The Full Truth
A Poem
Memories of rain, several days ago now.
Shifting beams of light across a forest.
Not an ocean of turbulent sentences, just the silent band of sand on the shore.
I retreat to the morning hillside, sad from conflict.
I seek a definitive. Get a thrumbling grouse song instead.
The constancy of the hover fly keeps time at my knee.
Watch the nodding grass stalks, make the movement of surrender with them.
Juncos chase each other through the warming rocks.

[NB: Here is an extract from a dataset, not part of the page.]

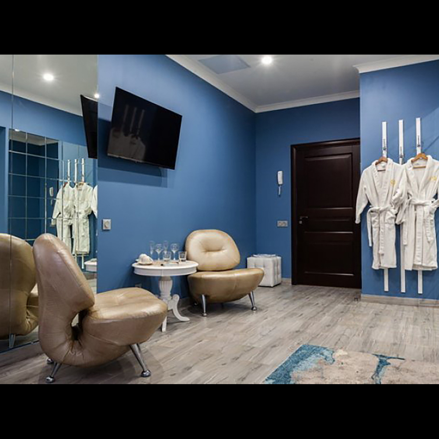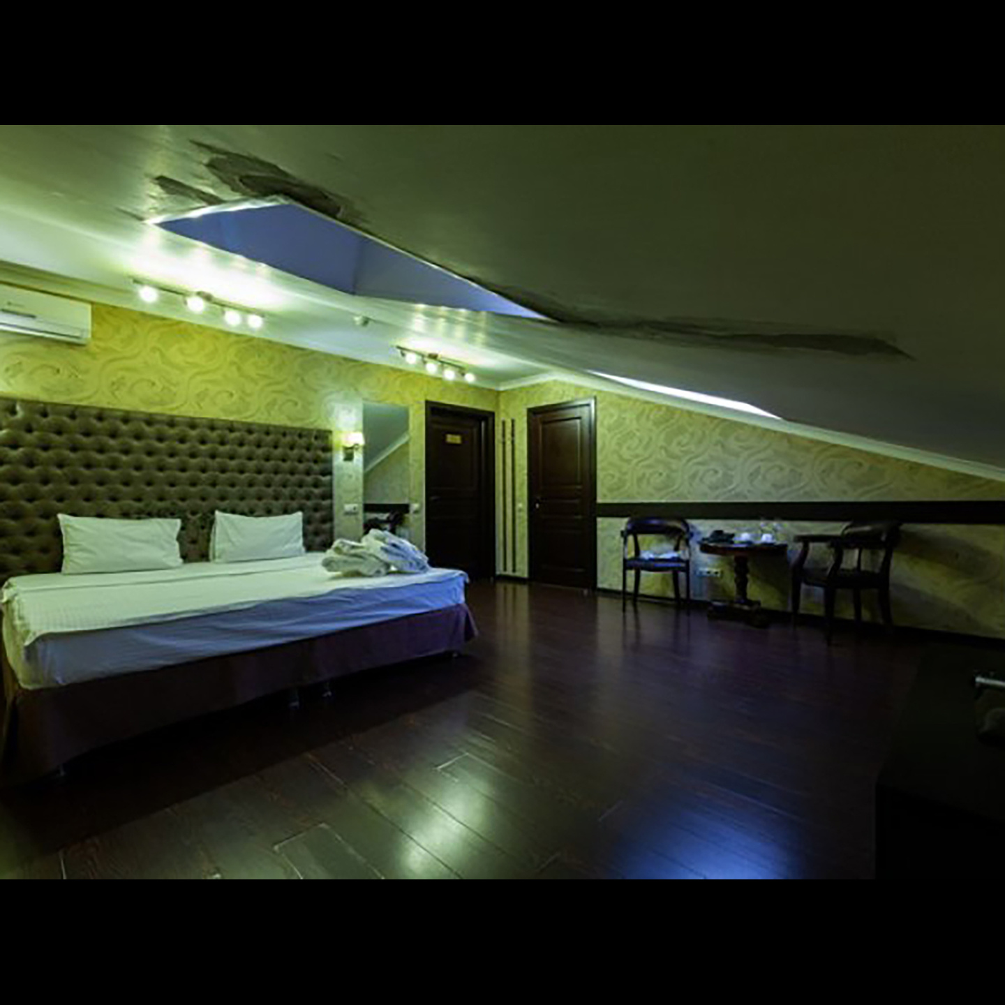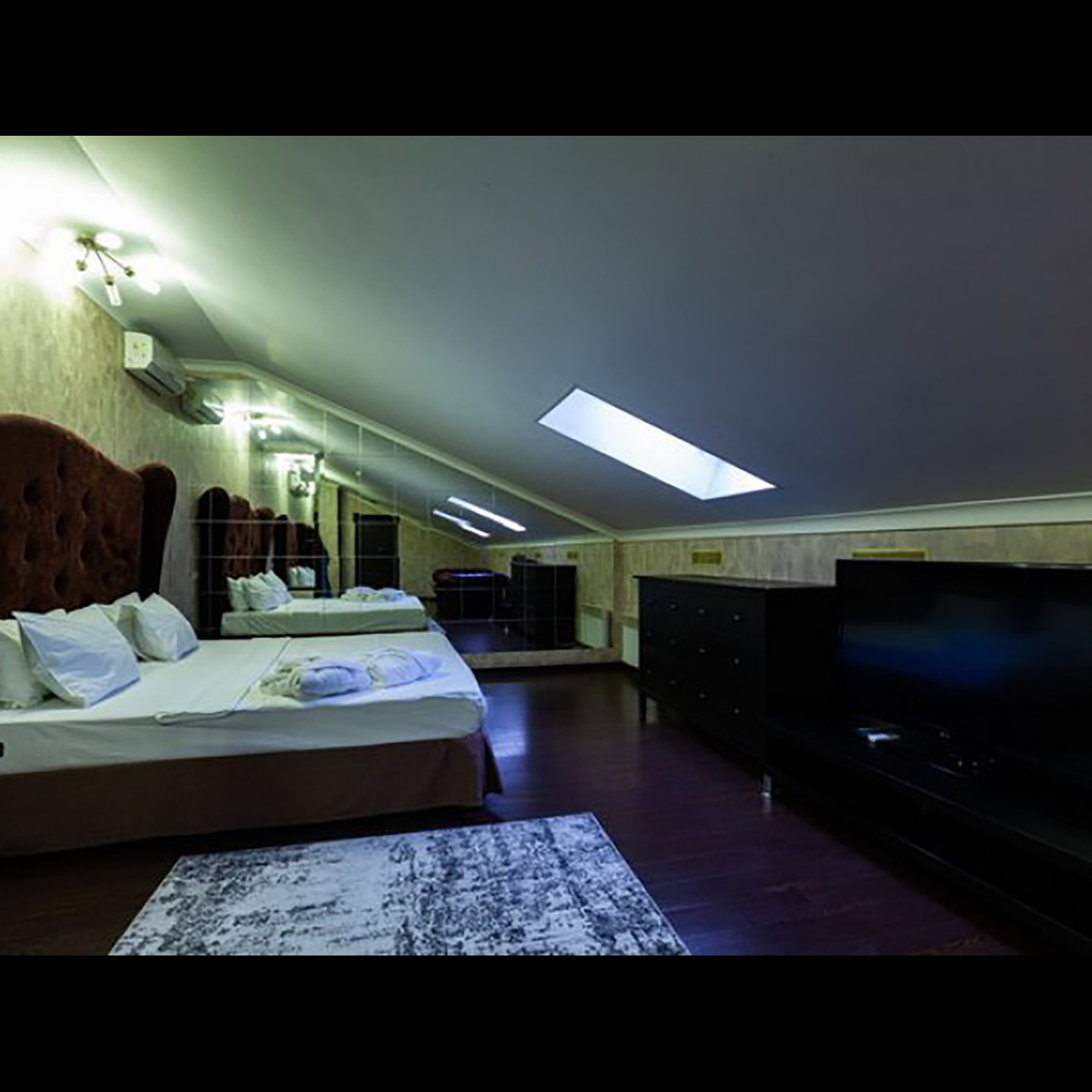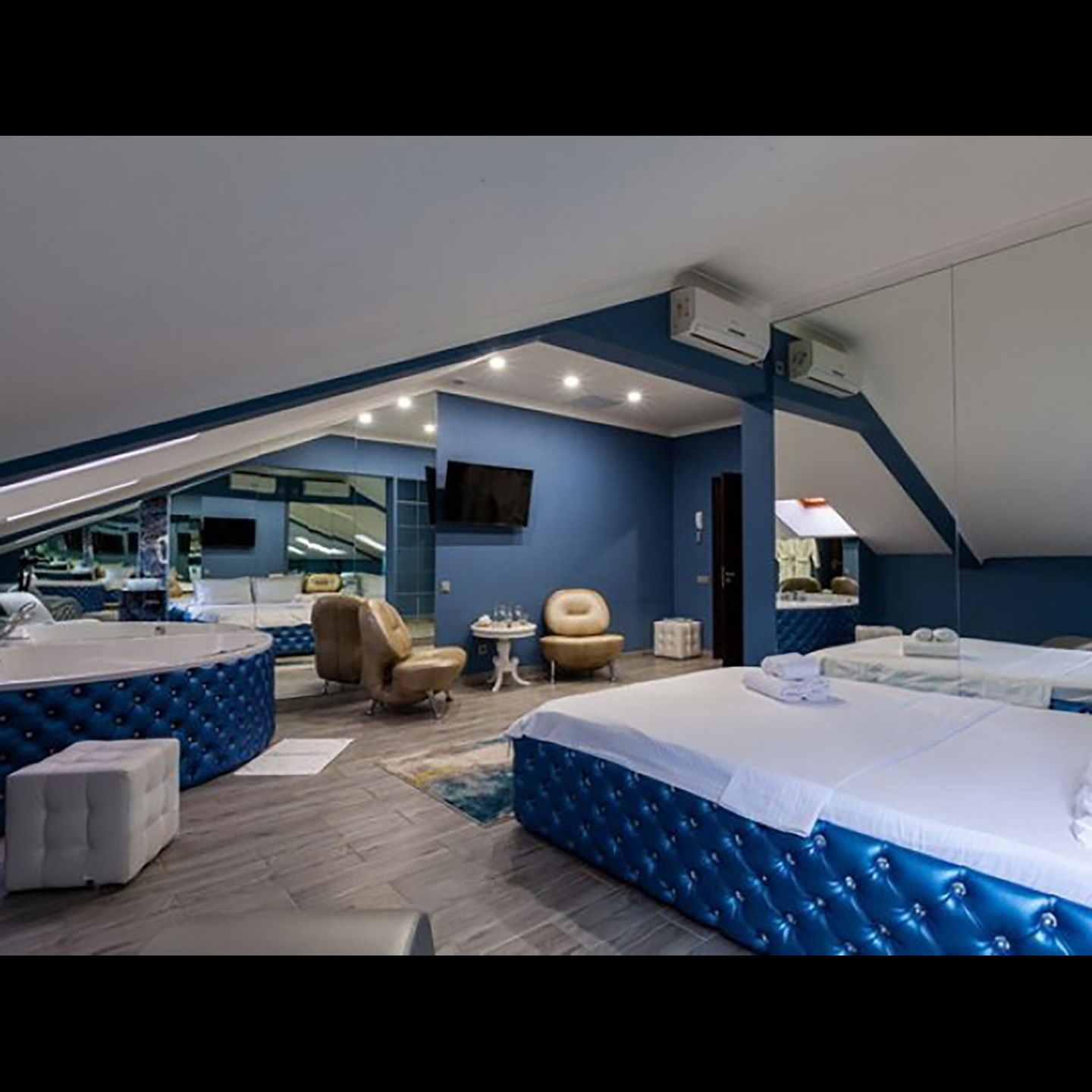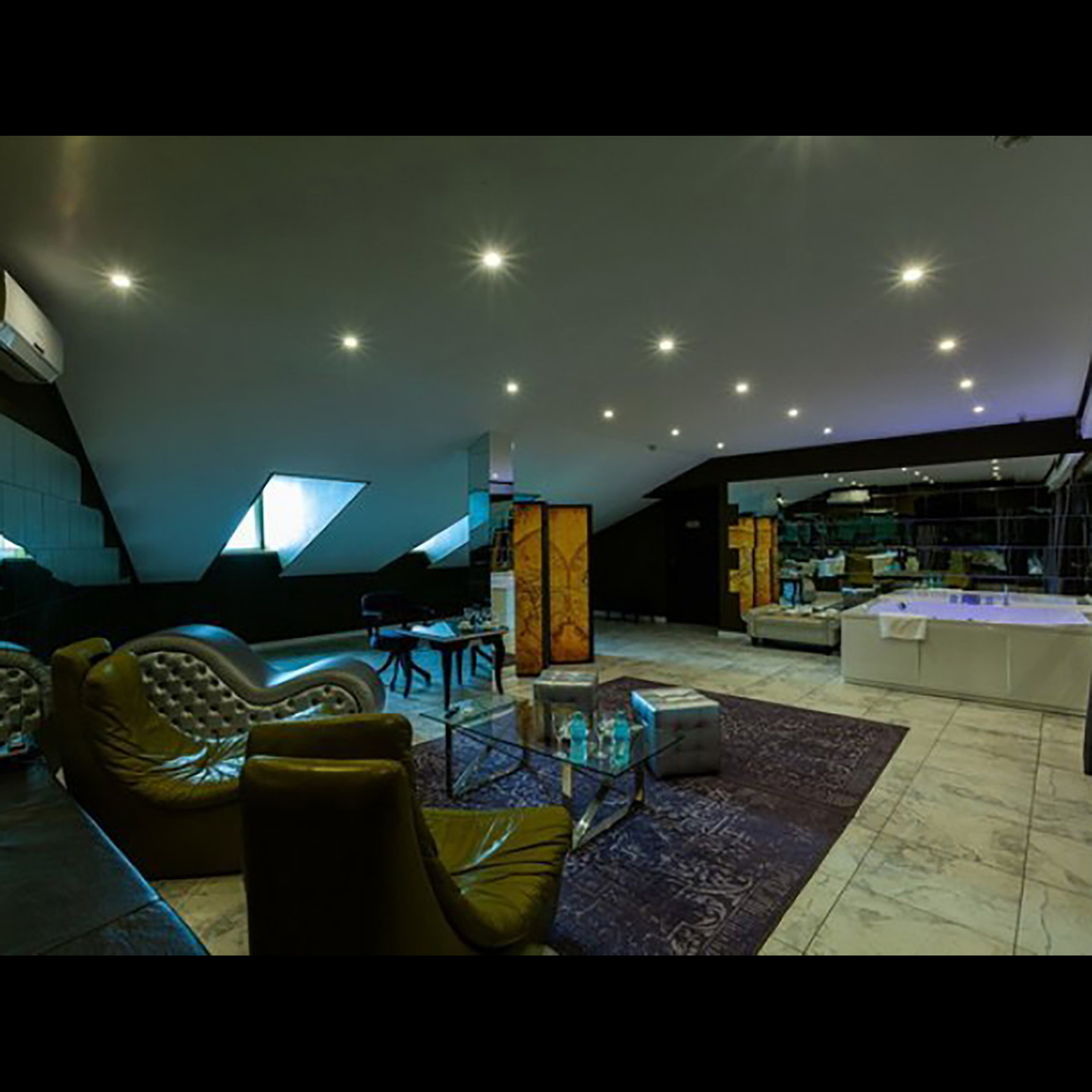 Апартаменты включают 10 помещений: 4 люкса в стиле хай-тек с прямоугольными двуспальными кроватями с кожаным изголовьем, мебелью из натуральных материалов и мансардными окнами; 2 стандарта — это вместительная комната в духе «ампир» и уютный уголок с чертами «минимализма»; 2 люкса с джакузи в разном цветовом наполнении: один в спокойной сине-голубой гамме, другой — в торжественной черно-золотой обстановке. Уникальный De Lux c освещением — имитацией звездного неба, зеркальным потолком, и английский люкс с мозаичным джакузи представлены в современном стиле «модерн» с элементами направления лофт. В каждом номере есть мини-бар. Возможно использование просторных помещений для проведения фотосессии, дружеских вечеринок и романтических свиданий влюбленных. Воспользоваться услугами отеля могут и новобрачные, роскошная мебель, мозаика и интерьерные детали в духе ампир и лучших традиций классики подарят уют и незабываемые впечатления посетителям.

Deer bound out of the shadows beneath the arbutus trees, arbutus blossoms falling like rain on that young one’s new antlers.
They bound across the slope, old oak wood and grass cracking under their hooves.
I lay back in the dry leaves and think of slippery tangents.
At the bottom of my grasping is a fading triangle, The Platonic Triad.
It makes a strange bed and I am restless on it.
Epictetus slouches his winter cloak off. He is going to meet Rumi in that field.
I too shrug a weight off. Feel a lightness moving through my trellis of bones.
When I sit up, Jane is sitting with me, her mouth crunching buttered toast.
“Still you trust me,” she says, winking as she chews.
No one gets the full truth.
Only vibrating beetles, filling the glade with their strange song.